This code is a pytorch version for speechflow model in "How Speech is Recognized to Be Emotional - A Study Based on Information Decomposition", which is modified for our investigations from the original Speechflow.
For ACRNN in this paper, its code can be found at 3-D ACRNN.
This project is built with python 3.6, for other packages, you can install them by pip install -r requirements.txt
.
To Prepare Training Data(take VCTK as an example here, for other dataset, you should modify some settings in below files)
-
Prepare your wavefiles
-
cd tools
-
make training data and valid data, for better training, you can make an entire training wave file for each speaker by
sh make_cat.sh
, and make separate validation wave files for each speaker bysh make_valid.sh
, here validation speakers can not appear in training data. -
Extract spectrogram and f0:
python make_spect_f0_VCTK.py
- you should provide d-vectors by a pre-trained model.
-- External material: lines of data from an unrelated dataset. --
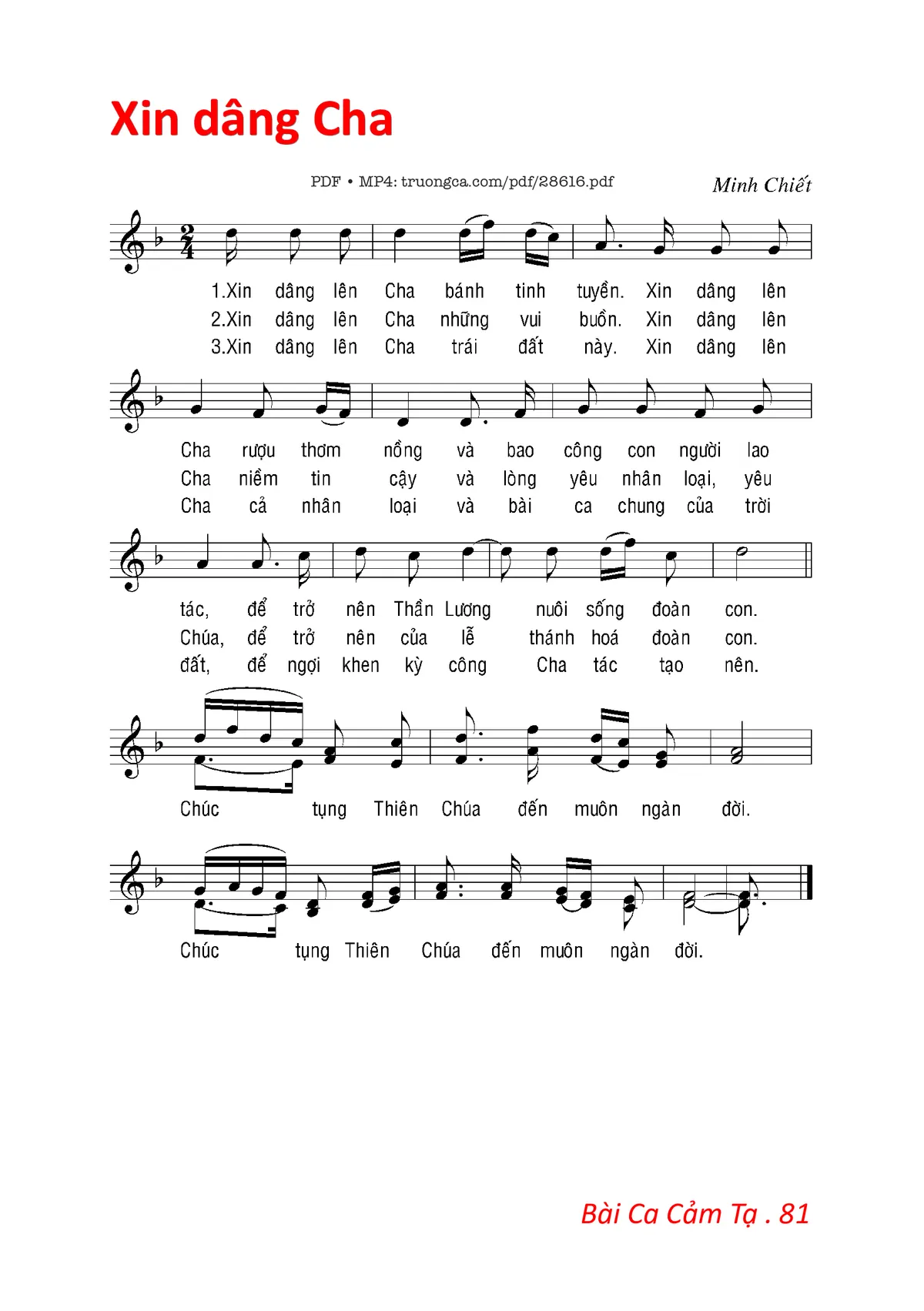 Các sheet PDF cùng tên Xin Dâng Cha:
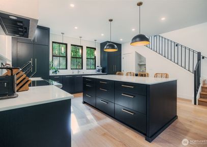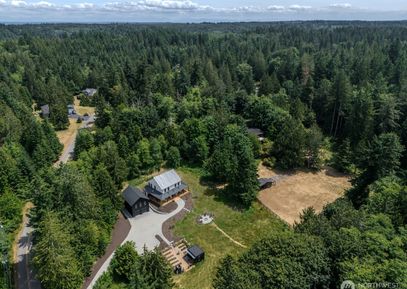 Welcome to your dream home in desirable Poulsbo–luxury, privacy & nature on nearly 2 acres. This new construction features 9’ ceilings, white oak floors, 8’ doors, custom iron railings & designer lighting. Enjoy a chefs kitchen w/ rift-cut oak cabinetry, oversized island & ample storage. Primary suite & main-floor en-suite bedroom offer spa-like baths w/ heated floors. Upstairs, a 3rd bdrm & large media space. Office w/ porch access. Bosch zoned ductless throughout. 889 sq ft unfinished space above the garage & hobby... Listing Courtesy of Northwest MLS / Charter Real Estate |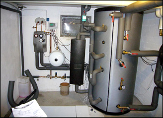 Das Herzstück einer nachhaltigen Wärmeversorgung in einem Einfamilienhaus – Ein Schichten-Pufferspeicher mit 1000 L Volumen angeschlossen an einen Pelletkessel, eine Sonnenkollektoranlage mit 16m², ein wassererwärmender Kaminofen versorgen 2 Wohnungen mit Heizwasser und eine Felix-Frischwasserstation bereitet hygienisch frisch das Warmwasser nur wenn es benötigt wird.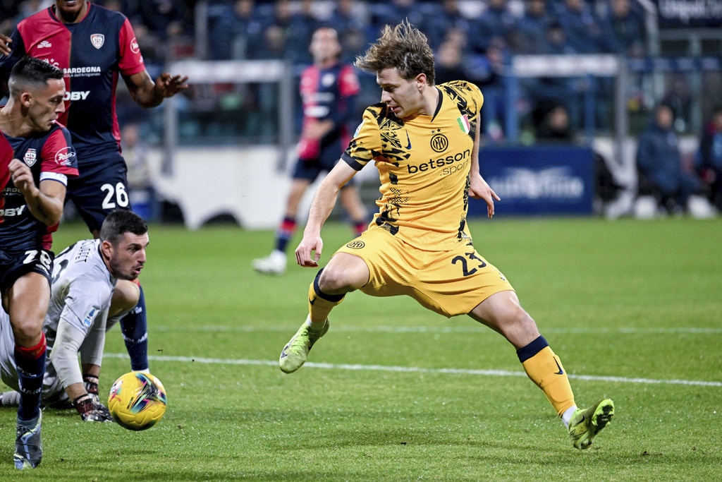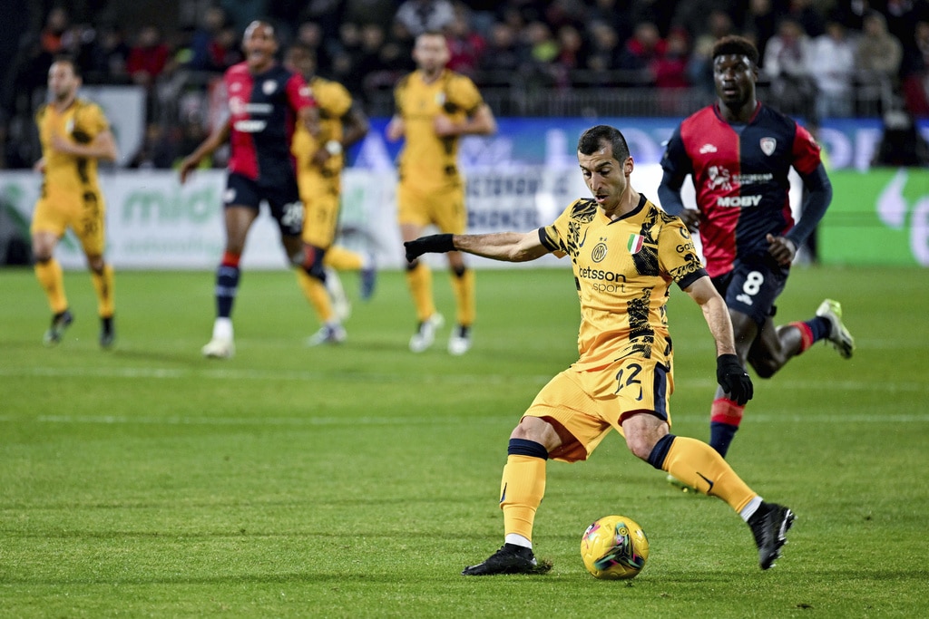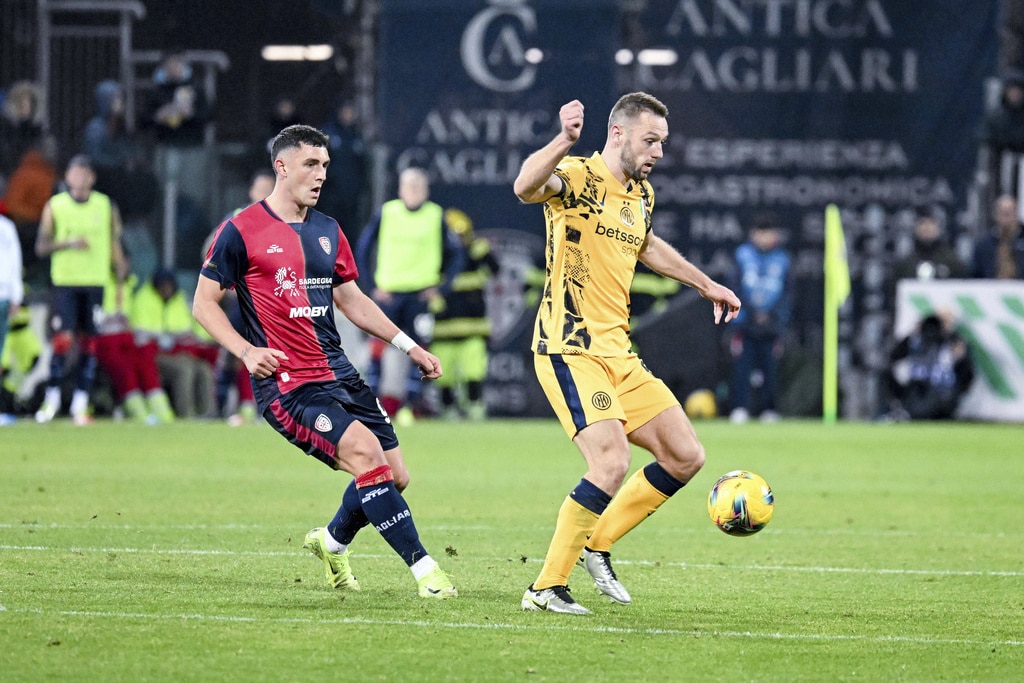Inter Milan’s Nicolò Barella challenges for the ball during the Serie A soccer match between Cagliari Calcio and Inter Milan at the Unipol Domus stadium in Cagliari, Italy, Saturday, Dec. 28, 2024. (Gianluca Zuddas/LaPresse via AP)Cagliari’s Roberto Piccoli, centre, challenges for the ball during the Serie A soccer match between Cagliari Calcio and Inter Milan at the Unipol Domus stadium in Cagliari, Italy, Saturday, Dec. 28, 2024. (Gianluca Zuddas/LaPresse via AP)Inter Milan’s Stefan de Vrij, right, challenges for the ball during the Serie A soccer match between Cagliari Calcio and Inter Milan at the Unipol Domus stadium in Cagliari, Italy, Saturday, Dec. 28, 2024. (Gianluca Zuddas/LaPresse via AP)Inter Milan’s Roberto Piccoli celebrates after scoring his side’s third goal during the Serie A soccer match between Cagliari Calcio and Inter Milan at the Unipol Domus stadium in Cagliari, Italy, Saturday, Dec. 28, 2024. (Gianluca Zuddas/LaPresse via AP)Inter Milan’s Alessandro Bastoni celebrates after scoring the opening goal during the Serie A soccer match between Cagliari Calcio and Inter Milan at the Unipol Domus stadium in Cagliari, Italy, Saturday, Dec. 28, 2024. (Gianluca Zuddas/LaPresse via AP)Inter Milan’s team players celebrate after Alessandro Bastoni scored the opening goal during the Serie A soccer match between Cagliari Calcio and Inter Milan at the Unipol Domus stadium in Cagliari, Italy, Saturday, Dec. 28, 2024. (Gianluca Zuddas/LaPresse via AP)Inter Milan’s Henrikh Mkhitaryan passes the ball during the Serie A soccer match between Cagliari Calcio and Inter Milan at the Unipol Domus stadium in Cagliari, Italy, Saturday, Dec. 28, 2024. (Gianluca Zuddas/LaPresse via AP)Inter Milan’s Nicolo Barella controls the ball during the Serie A soccer match between Cagliari Calcio and Inter Milan at the Unipol Domus stadium in Cagliari, Italy, Saturday, Dec. 28, 2024. (Gianluca Zuddas/LaPresse via AP)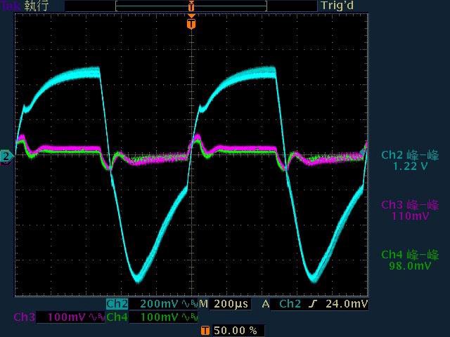 以下波形圖,CH2藍色波形為12V電壓波形,CH3紫色波形為5V電壓波形,CH4綠色波形為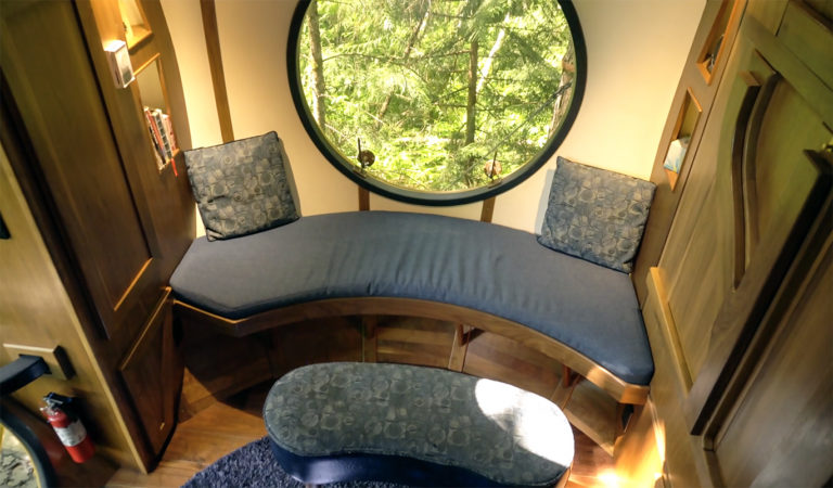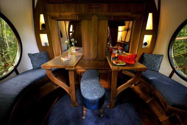 Even though the exterior of this treehouse looks like a sphere, you will be able to discover a well-organized space in the interiors.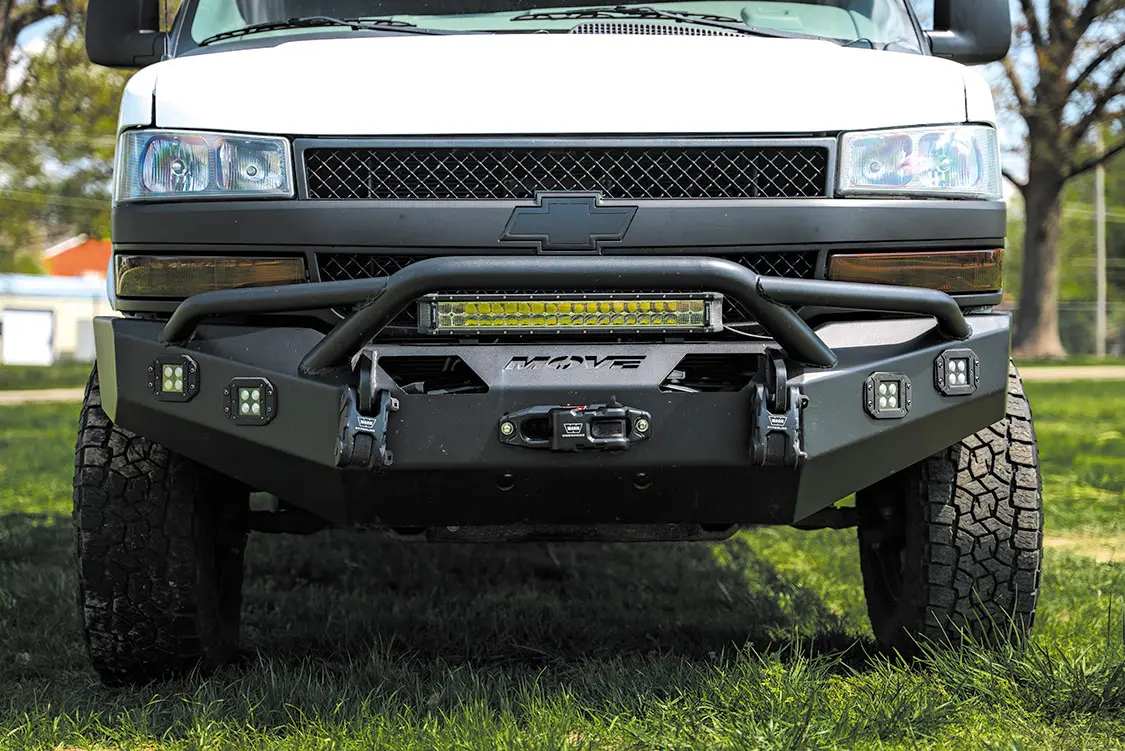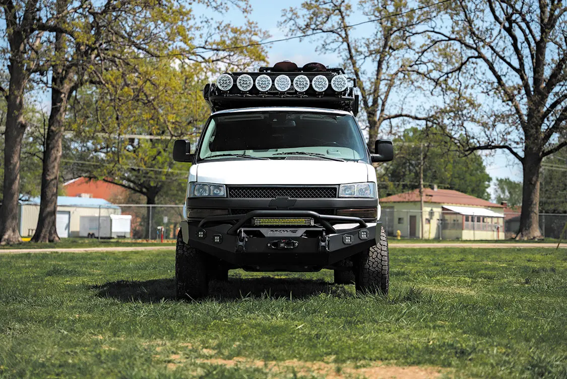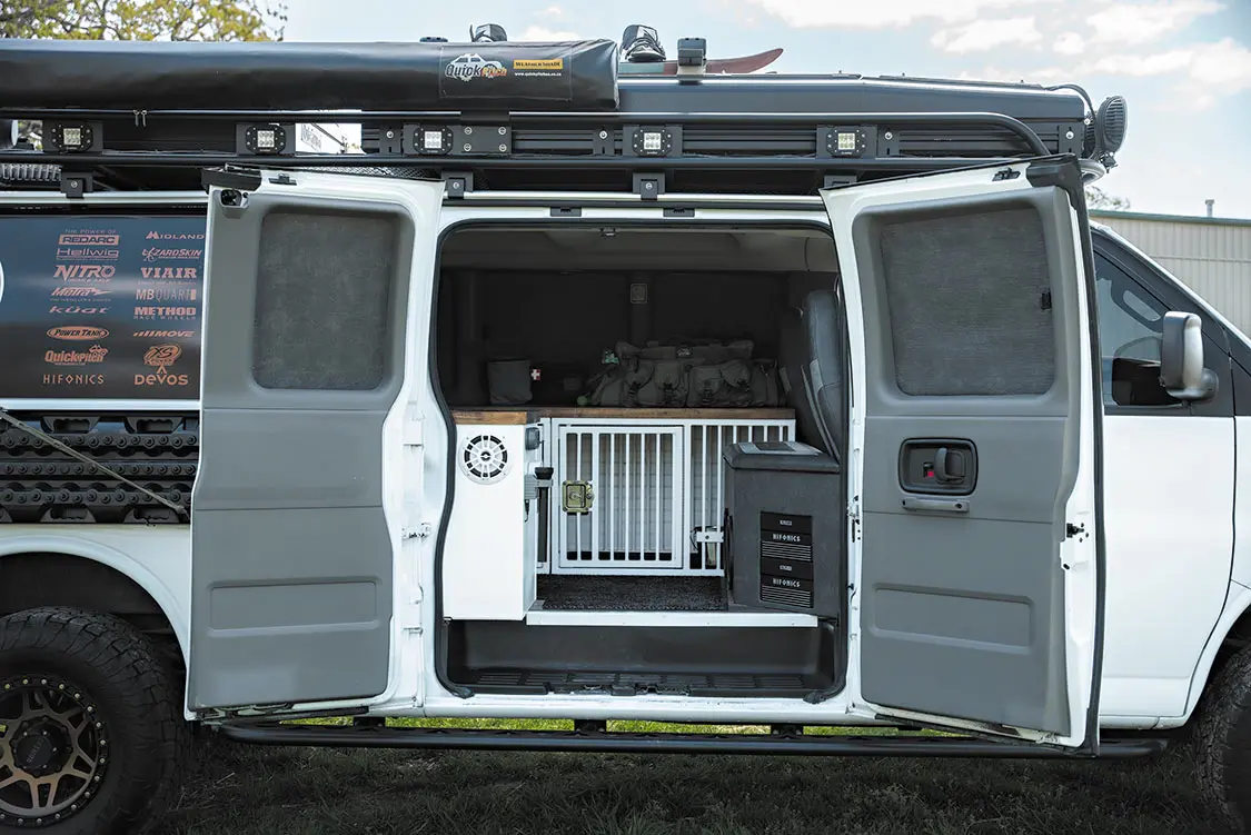 Since the Express is Lieberman’s daily driver, and he has K9 pals with him more often than not, lots of thought went into designing the van to be as safe and practical as possible, not sacrificing on either front. Between its totally custom interior and bulked-up exterior, this van is truly ready for anything. At its base, Method Race Wheels 312s wrapped in 17-inch Toyo Open Country A/TIII tires keep everything rolling smoothly. Rear lift springs and front coils elevate the suspension, paired with trimmed fenders and a relocated bumper, give the van enough clearance to handle any obstacles it encounters with ease. In the event of a mishap or rougher terrain, Viair onboard air is available, located in the factory spare tire well. Safety upgrades on the interior also include custom crates for Lieberman’s K9 companions.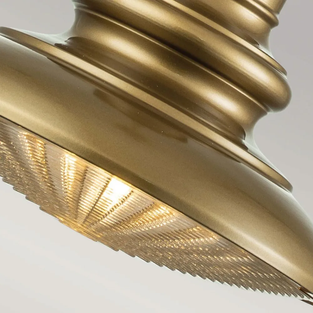 Messingfarvet Redding Station udendørs pendel Lavet af aluminium med en antik messingfarvet finish og glas, Redding Station pendel er en dekorativ lyskilde til mange udendørs områder. En diffusor af prismatisk glas sidder i den brede, flade lampeskærm og giver en effektiv spredning af lyset.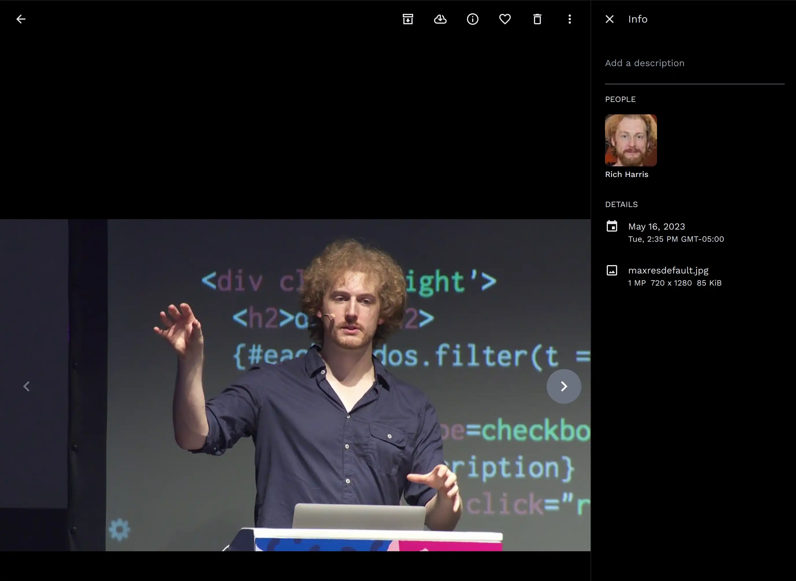 Upon clicking on a person, a list of assets that contain their face will be shown.

D-vectors for speakers in VCTK calculated by our pre-trained model are provided in
./data/VCTK_dvec/dvector_VCTK.npz
- a mapping from speakers to IDs and another from speakers to corresponding genders are needeed
- for validation data, you should change some settings
- you should provide d-vectors by a pre-trained model. D-vectors for speakers in VCTK calculated by our pre-trained model are provided in
-
Generate training metadata:
make_metasplit_VCTK.py
-
Generate validation metadata:
make_demodata_VCTK.py
-
change setting at
hparams.py
andrun.py
-
Run the training scripts:
python run.py
An example is provide in infer_batch.py
, in which you should define the input pickle file.
This speechflow model is the most important tool for us to analyse impacts between speech components and performance of mordern emotion recognition systems. This code is modified for our task from the original Speechflow. Thanks for Kaizhi Qian providing the original code, which is much helpful for us.